By the command of Emperor Trajan, Christian martyrs were persecuted, and their bodies were thrown into unclean places. The daughter of the emperor, Drosida, learned how Christian virgins gathered the bodies of the martyrs and buried them with honors. She decided to join them, but was captured by the guards and brought before her father. Trajan, seeing her, ordered her to be kept in a closed room, hoping that she would repent. The virgins were executed, and their bodies were burned in the bronze from which sacrificial tripods for pagan gods were made.
When the people came to the bathhouse to see its opening, many died at the threshold. Trajan, frightened, summoned the priests, who explained that this happened because of the tripods made from the bronze in which the Christian virgins were burned. After this, Andrian suggested making statues of naked maidens to dishonor the martyrs. Trajan agreed, and the statues were erected.
In a dream, Trajan saw a shepherd who told him that the martyrs were in paradise and predicted that Drosida would also come there.

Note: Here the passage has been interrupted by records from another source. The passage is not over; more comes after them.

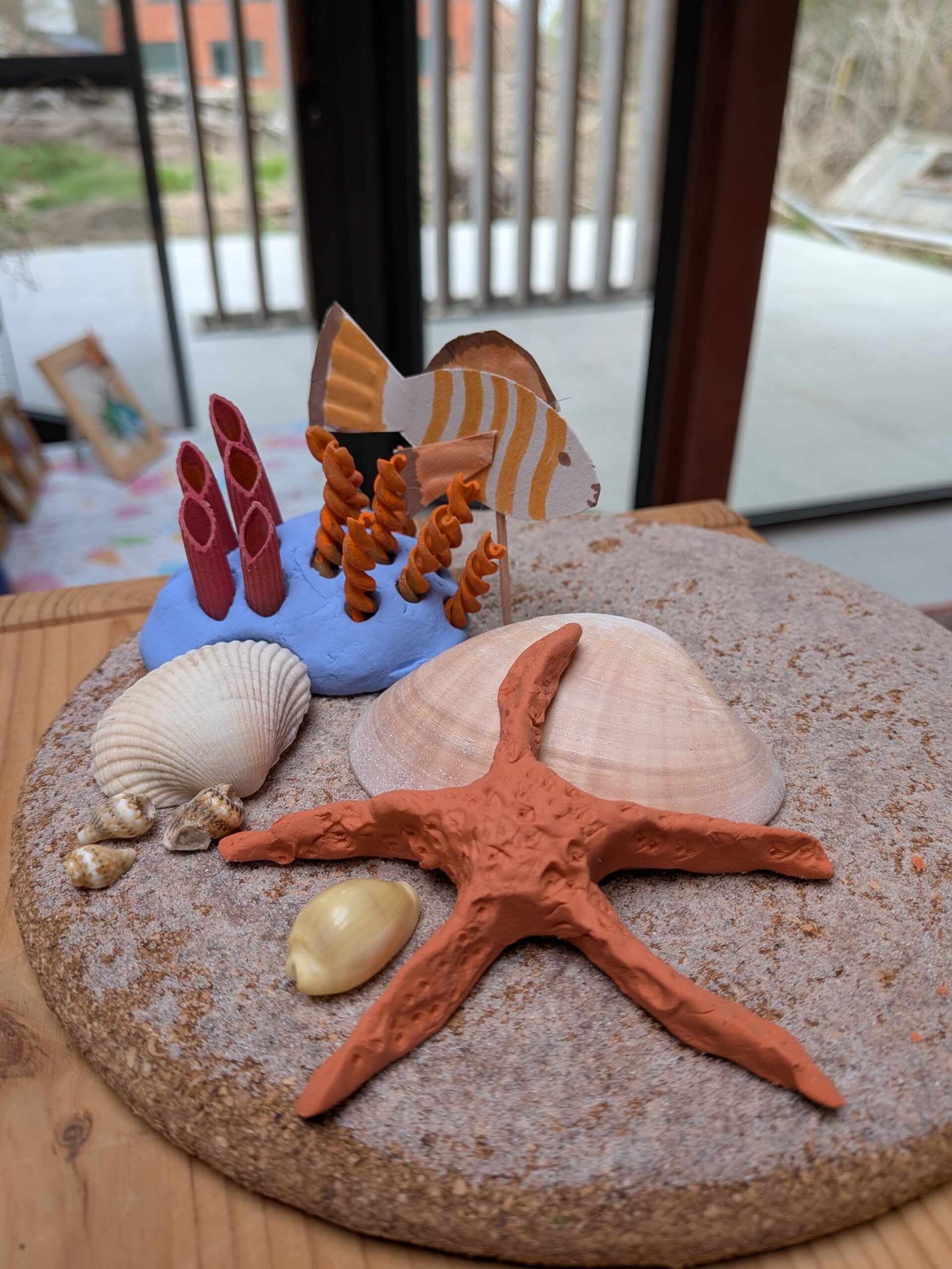 We creëren onze eigen onderwaterwereld! Dit doen we met uiteraard met zand en schelpen , maar ook klei, karton en pasta!
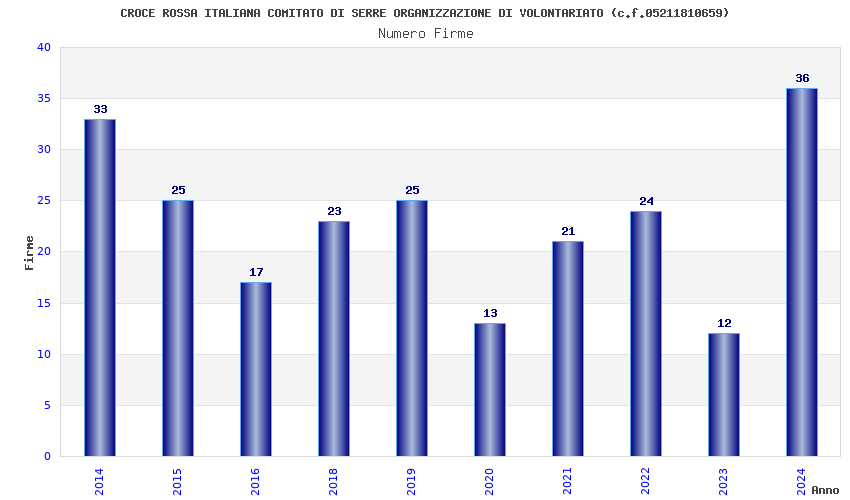 | Anno | Firme | Importi | Media | Naz. | Reg. | Prov. | Comu. |
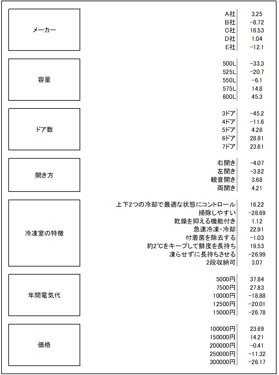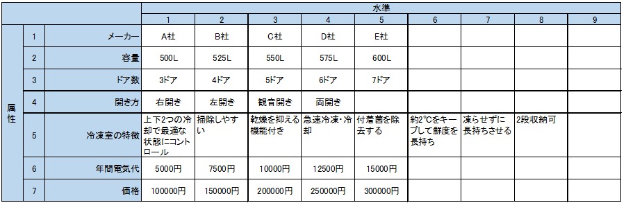 コンジョイント分析は、属性/水準というものを用意し、各水準を組み合わせて、それぞれについて評価する事で、結果を得る手法です。例えば冷蔵庫を例に取ると、以下のような属性・水準表を作成します。
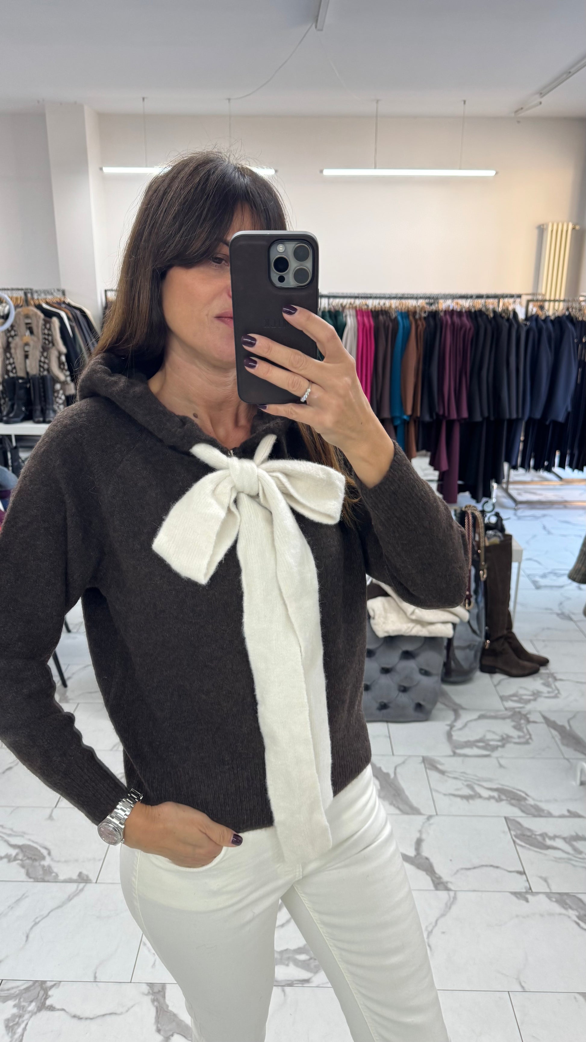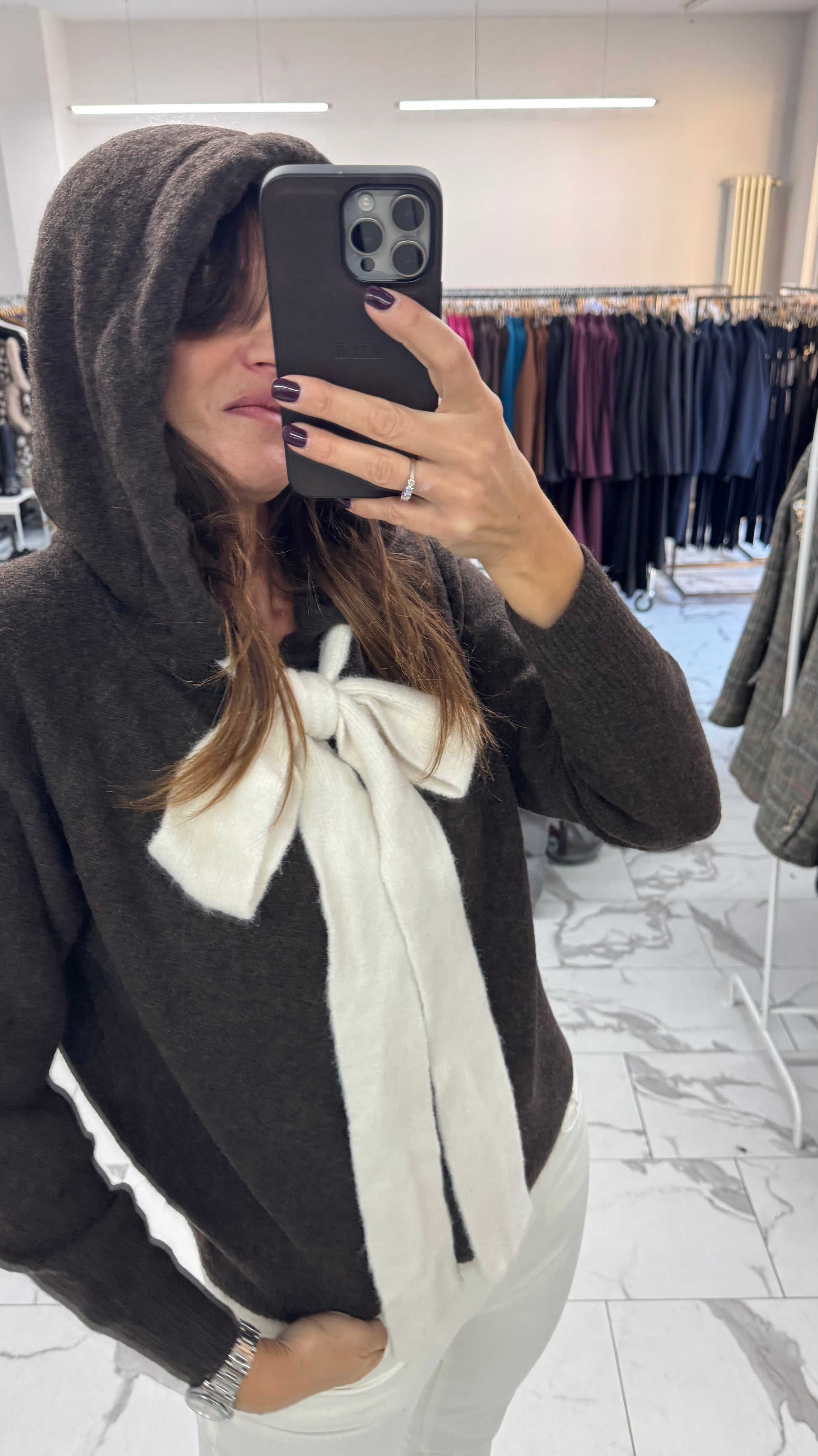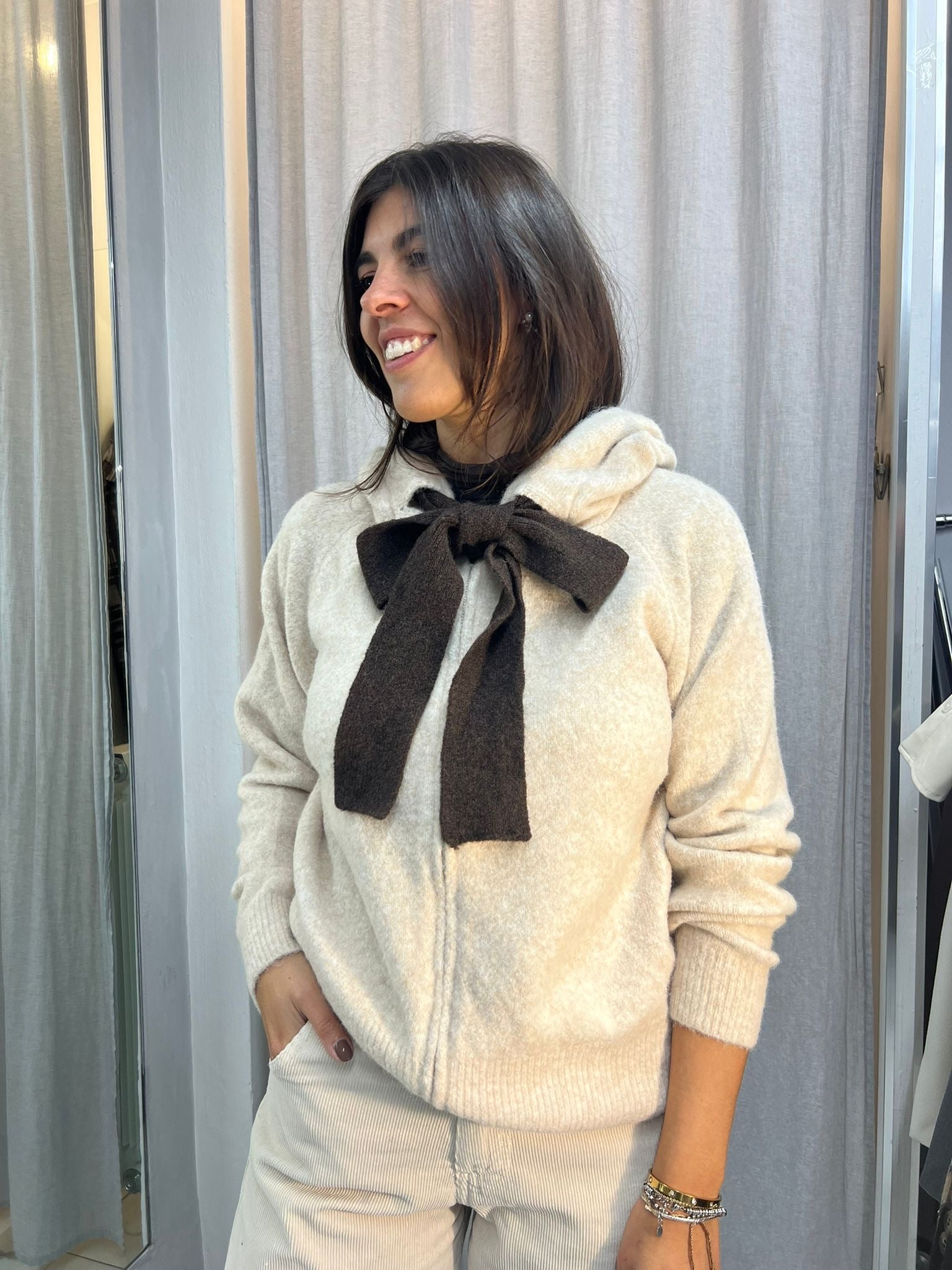 MAGLIONCINO ZIP CAPPUCCIO FIOCCO cioccolato/sabbia

In anger, Trajan ordered two furnaces to be heated and threatened the Christians to bring sacrifices to the pagan gods. Drosida, learning that the Christians were being thrown into the furnaces, prayed to the Lord and decided to flee to avoid marrying Andrian.
She removed her royal insignia, anointed herself with oil, and baptized herself in a stream, uttering the words of baptism. Hiding for seven days, she was found by Christians who learned her story. On the eighth day, after praying, the holy martyr fulfilled her intention and departed to the Lord.